2. Plot the Top Differentially Expressed Genes post-perturbation

We can use the trained models to perform inference. Below, we offer an example of how to do this on the test split of the Norman dataset - this is novel data the model has not been trained on. In the following sections we offer examples of performing inference on completely new data, either in numpy or anndata form.

We explore the following scenarios and showcase how to plot the top differentially expressed genes post-perturbation for:

single-gene perturbation: predicting the effects of perturbing the POU3F2 gene and the CDKN1B gene individually.

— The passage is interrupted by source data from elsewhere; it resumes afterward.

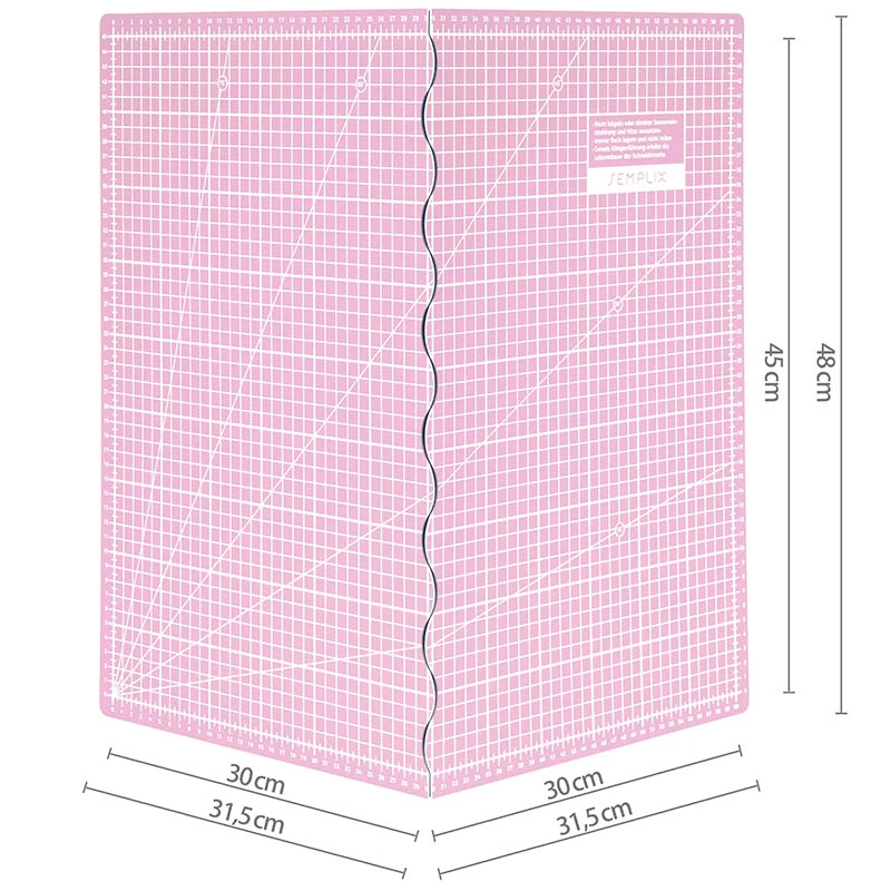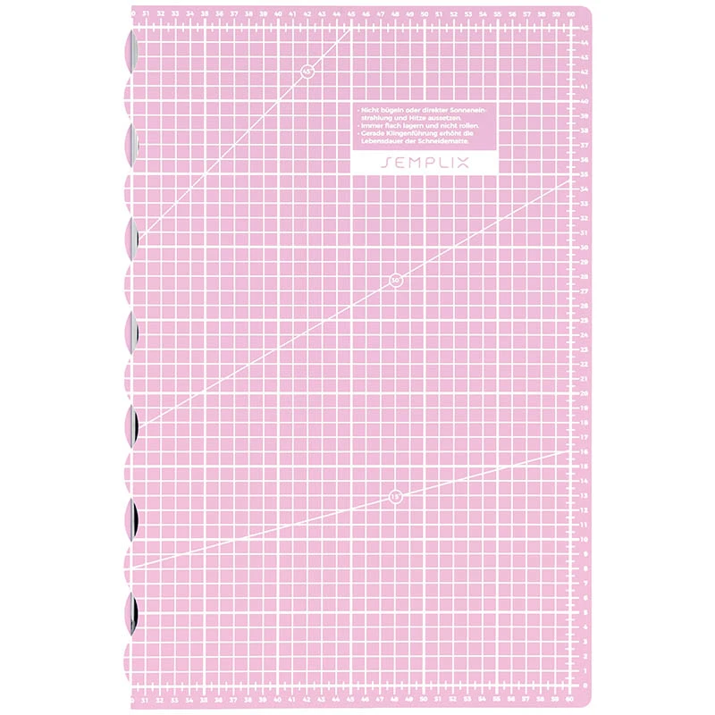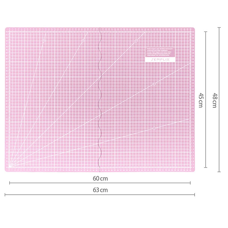 DAS BESONDERE an der Semplix-Schneidematte ist die Randzugabe. Sie sorgt dafür, dass die volle Skala von 60 x 45 cm komplett genutzt werden kann. Die über das Raster hinaus reichenden, umlaufenden Markierungen, ermöglichen das passgenaue Anlegen und Schneiden direkt am Rand.
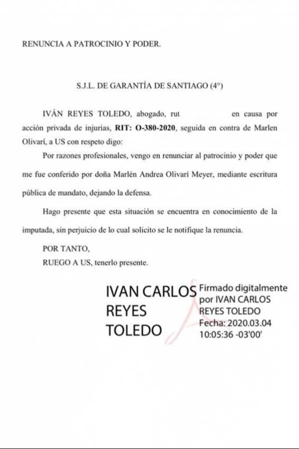 Y es que el abogado de Marlén Olivari, Iván Reyes, renunció a defenderla durante el proceso judicial.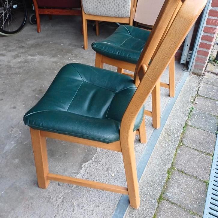 2 stevige houten stoelen met groen zitvlak. Gratis afhalen, worden niet verzonden.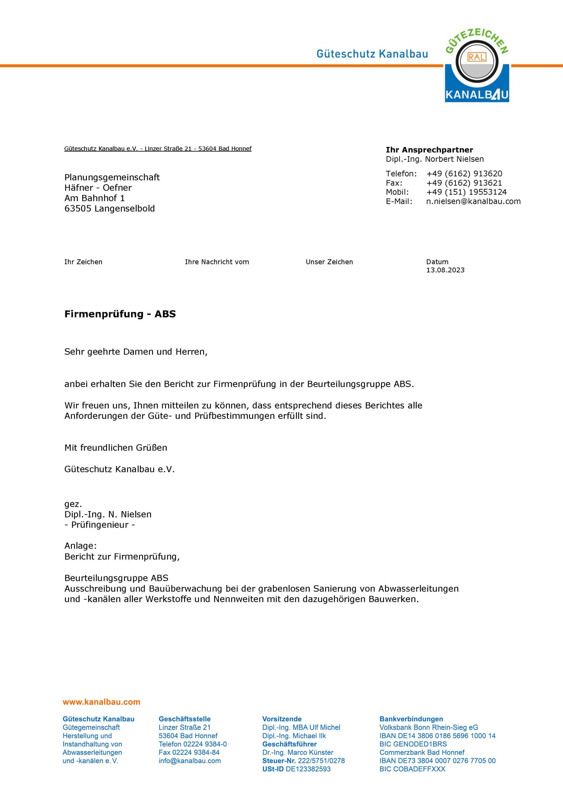 Im Rahmen einer Firmenprüfung im August 2023 wurde unserem Unternehmen seitens des Prüfingenieurs der Gütegemeinschaft Güteschutz Kanalbau e. V. auch für das Jahr 2023 bestätigt, dass wir alle Güte- und Prüfbestimmungen der RAL Gütezeichen Kanalbau ABS und ABAK erfüllen (Mitgliedsnummer: 7193, Prüfberichte Nr. 8, ID_FB-0001787 und ID_FB: ID_FB-0001788 vom 09.08.2023).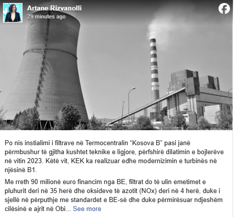 “Filter installation at ‘Kosova B’ is starting now, as all technical and legal requirements have been fulfilled, including the boiler dilation completed in 2023. This year, KEK also completed the modernization of the turbine in unit B1. With around €90 million in EU funding, the filters will reduce dust emissions by up to 35 times and nitrogen oxides (NOx) by up to 4 times, bringing emissions in line with EU standards and significantly improving air quality in Obiliq, Fushë Kosovë, Prishtina, and across Kosovo.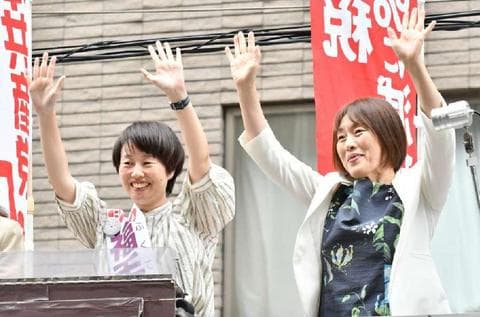 ![]() (写真)声援に応える田村智子委員長(右)と福手ゆう子候補=16日、東京都文京区 |

We offer examples of comparing scGPT with scGenePT_GO-C model predictions
two-gene perturbation: predicting the effect of perturbing the SAMD1+ZBTB1 genes simultaneously. We offer an example of comparing scGPT and scGenePT_NCBI+UniProt model predictions

def plot_perturbation(
    model: nn.Module, adata, query: str, model_type, color, marker, title, save_file: str = None, amp = True, pool_size: int = None
):
    import seaborn as sns
    import numpy as np
    import matplotlib.pyplot as plt

    sns.set_theme(style="ticks", rc={"axes.facecolor": (0, 0, 0, 0)}, font_scale=1.5)
    adata_ctrl = adata[adata.obs['condition'] == 'ctrl']
    gene_names = adata.var['gene_name'].to_list()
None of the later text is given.